I’ve been trying to write more. Short fiction. I’ve entered a few contests so far with no expectations except for that of an imposed deadline. In the process, I’ve learned something about myself, something I do not like (an addition to a very long list): I seem to suffer from last-minute syndrome. I learn of a contest’s existence weeks–if not months–in advance, and yet, here I am again with nuggets of two potential ideas and deadlines looming just around the corner, i.e. this weekend.
The thing with writing is that there are no rules. Oh sure, there are tips and perspectives.
“This works for me, so it might work for you. Or not. But try it. Maybe.”
There are schools of thoughts.
“A story should be written in full in one sitting.”
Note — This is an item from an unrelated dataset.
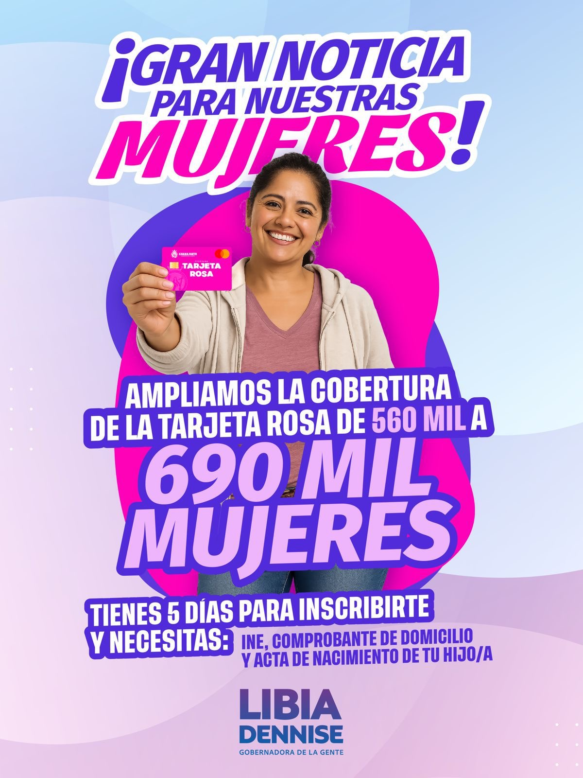 Gobernadora anuncia ampliación de la Tarjeta Rosa a 690 mil mujeres en Guanajuato

“If you spend more than six months on a story without nearing completion, forget it… Except if you’re Harper Lee. Or Flaubert.”
There are even mathematical formulas.
“Take your draft + Cut off about 25% of it = Get final cut.”
And here I thought I chose a career in letters to avoid the whole math thing!
I know distance is good; it could actually be key. You write it all down. You take a breather. You come back and you can see it for what it is and make the necessary cuts and additions to make it shine, or at least make it less dull. But when you suffer from last-minute syndrome, you lack the time required for distance. You rely on your first readers (and you drive them a little bonkers: “Got time to read this? I have to ship it in, oh, two hours. Swimming in time, right?”).
I’m left hoping that the cliché of practice makes perfect will turn out to be true; that the more I will write, the better I will be at getting started earlier and at completing a first draft at least a few days before a deadline.